Not so in the formula of black Magic. Reuvens, speaking of the two rituals of Magic of the Anastasi collection, remarks that they

Undeniably form the most instructive commentary upon the Egyptian mysteriesattributed to Jamblichus, and the best pendant to that classical work, for understanding the thaumaturgy of the philosophical sects, thaumaturgy based on ancient Egyptian religion. According to Jamblichus, thaumaturgy was exercised by the ministry of secondary genii.[474]

Reuvens closes with a remark which is very suggestive and is very important to the Occultists who defend the antiquity and genuineness of their documents, for he says:

All that he [Jamblichus] gives out as theology we find as history in our papyri.

But then how deny the authenticity, the credibility, and, beyond all, the trustworthiness of those classical writers, who all wrote about Magic and its Mysteries in a most worshipful spirit of admiration and reverence? Listen to Pindarus, who exclaims:

Happy he who descends into the grave thus initiated, for he knows the end of his life and the kingdom[475] given by Jupiter.[476]

Or to Cicero:

Initiation not only teaches us to feel happy in this life, but also to die with better hope.[477]

Plato, Pausanias, Strabo, Diodorus and dozens of others bring their evidence as to the great boon of Initiation; all the great as well as the partially-initiated Adepts, share the enthusiasm of Cicero.

Does not Plutarch, thinking of what he had learned in his initiation, console himself for the loss of his wife?

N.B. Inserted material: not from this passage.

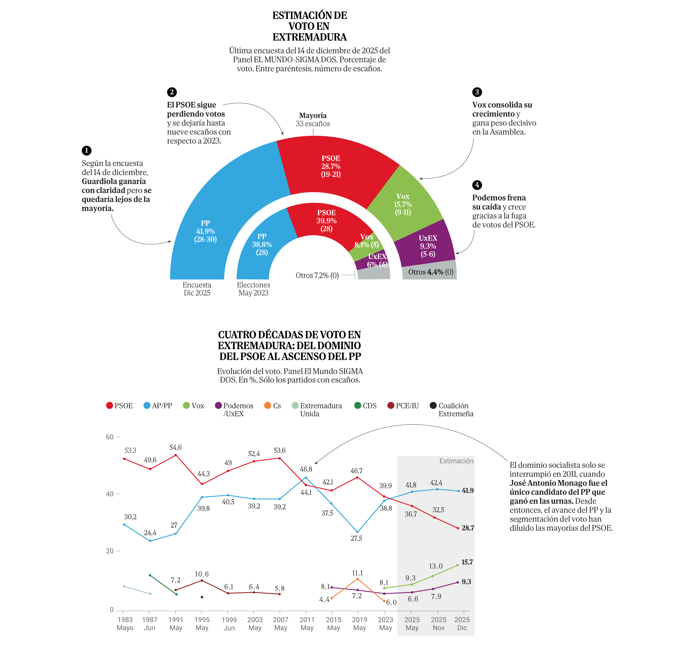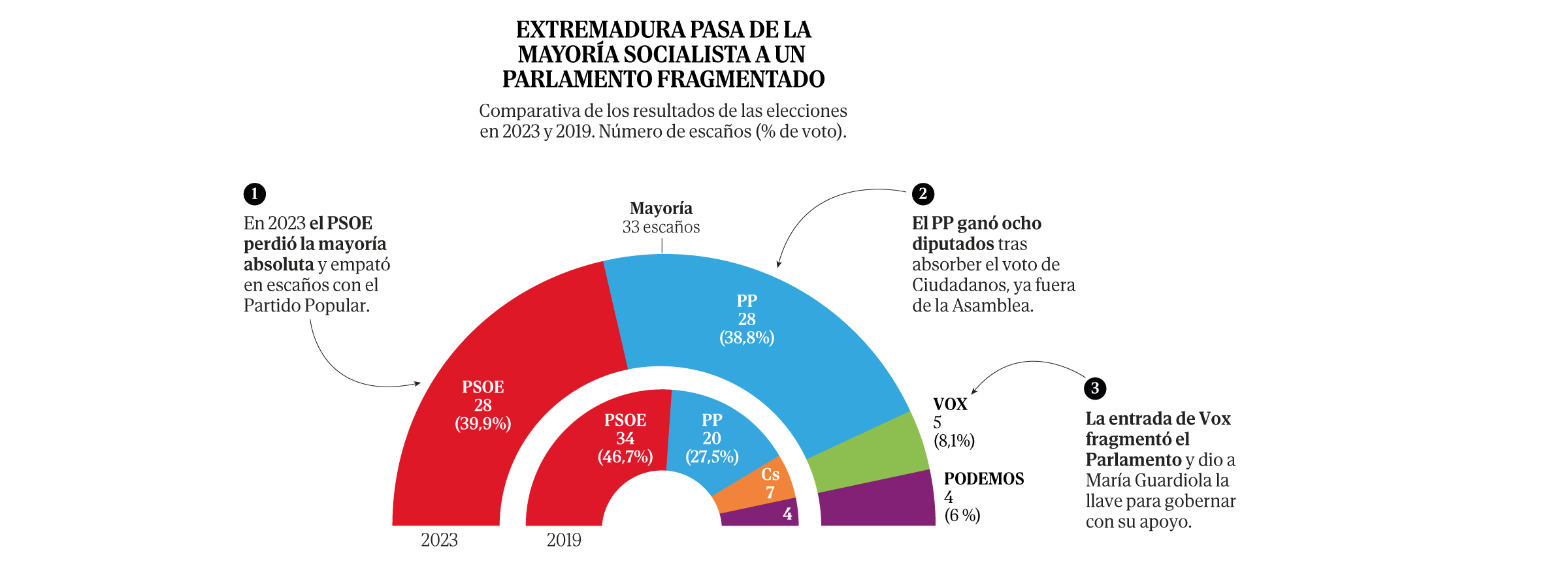 Extremadura ya no es lo que era en las urnas. En 2023, el PSOE ganó las elecciones, pero sin fuerza suficiente para gobernar; el PP avanzó y María Guardiola alcanzó la presidencia con el apoyo de los de Abascal. No fue una excepción: la comunidad se sumó al giro a la derecha que recorrió como una oleada a España. Lo llamativo es que ocurrió en una tierra históricamente de izquierdas y con Vox entrando por primera vez por la puerta grande en la Asamblea.

Had he not obtained the certitude at the Mysteries of Bacchus that “the soul [spirit] remains incorruptible, and that there is a hereafter”?... Aristophanes went even farther: “All those who participated in the Mysteries,” he says, “led an innocent, calm, and holy life; they died looking for the light of the Eleusinian Fields [Devachan], while the rest could never expect anything but eternal darkness [ignorance?].